Problem requirements –
Exactly the lines from the one holding "Este compacto juego" through the end of the material below must be printed, nothing more, and the pictures must be dropped.

Given material –
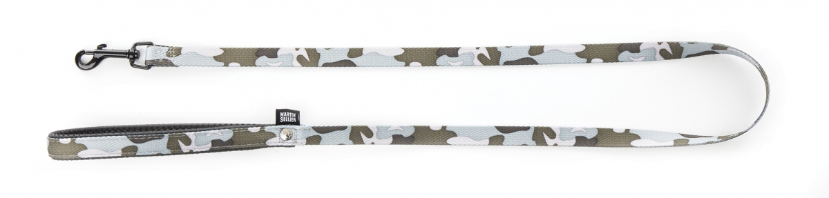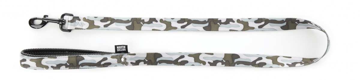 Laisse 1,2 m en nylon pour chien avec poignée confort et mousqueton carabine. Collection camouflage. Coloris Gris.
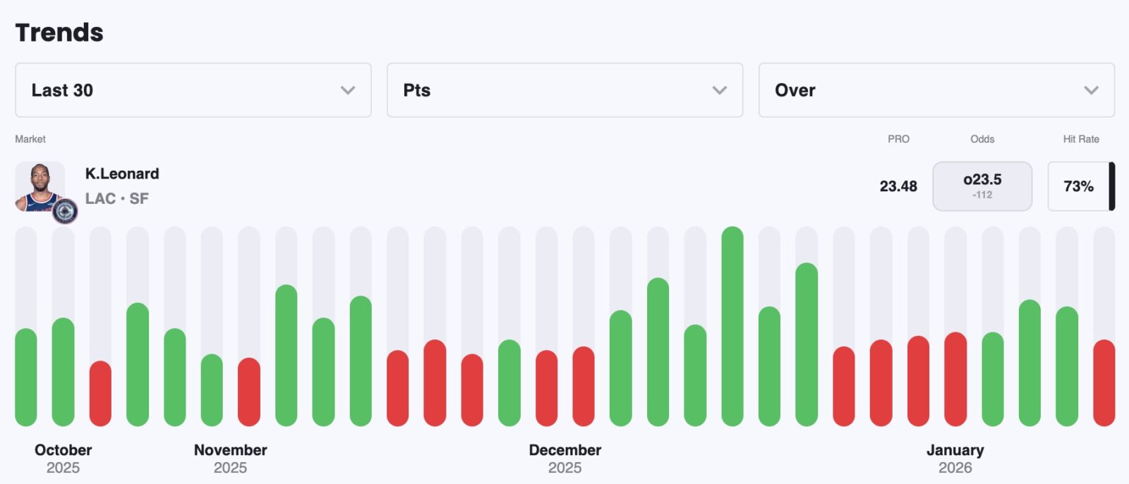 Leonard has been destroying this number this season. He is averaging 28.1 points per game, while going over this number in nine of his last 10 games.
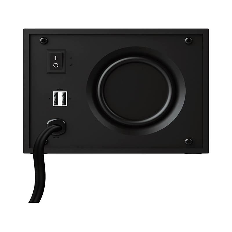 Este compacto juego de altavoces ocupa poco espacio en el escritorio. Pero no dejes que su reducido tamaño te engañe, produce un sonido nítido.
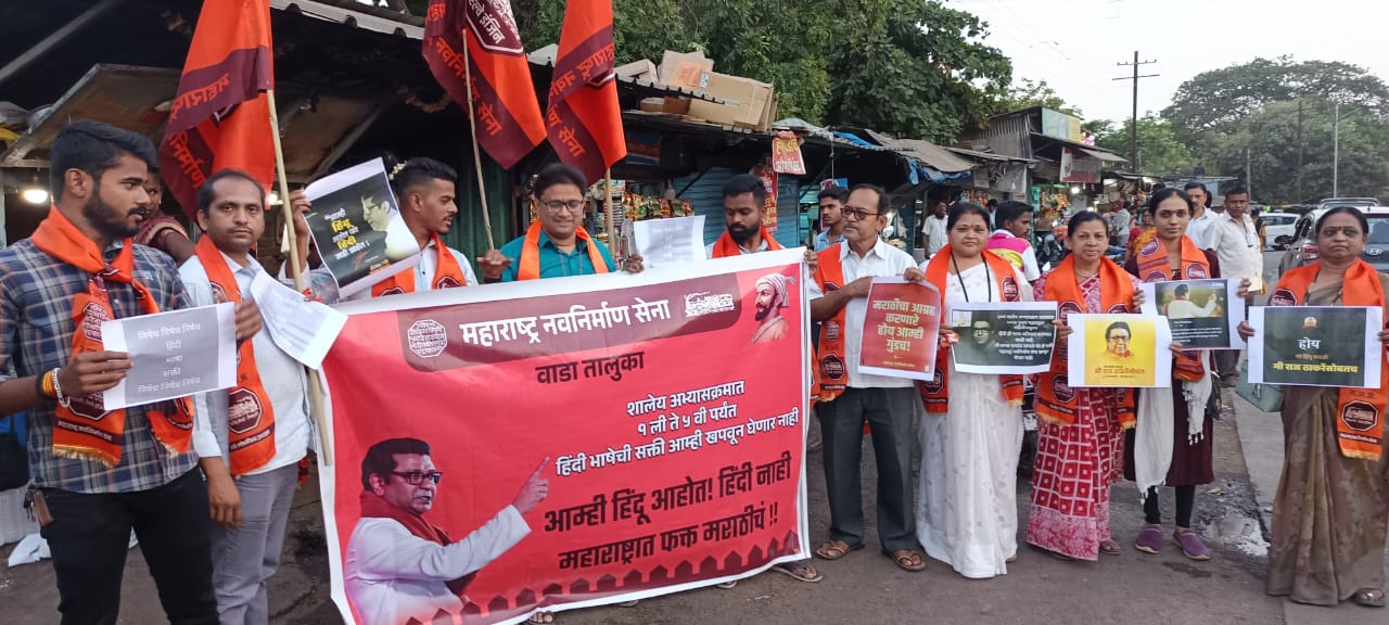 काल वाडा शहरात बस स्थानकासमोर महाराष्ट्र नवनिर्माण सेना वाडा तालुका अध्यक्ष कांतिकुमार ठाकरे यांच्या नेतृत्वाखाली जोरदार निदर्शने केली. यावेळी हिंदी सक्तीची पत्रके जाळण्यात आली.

Answer to this problem –
 Este compacto juego de altavoces ocupa poco espacio en el escritorio. Pero no dejes que su reducido tamaño te engañe, produce un sonido nítido.
 काल वाडा शहरात बस स्थानकासमोर महाराष्ट्र नवनिर्माण सेना वाडा तालुका अध्यक्ष कांतिकुमार ठाकरे यांच्या नेतृत्वाखाली जोरदार निदर्शने केली. यावेळी हिंदी सक्तीची पत्रके जाळण्यात आली.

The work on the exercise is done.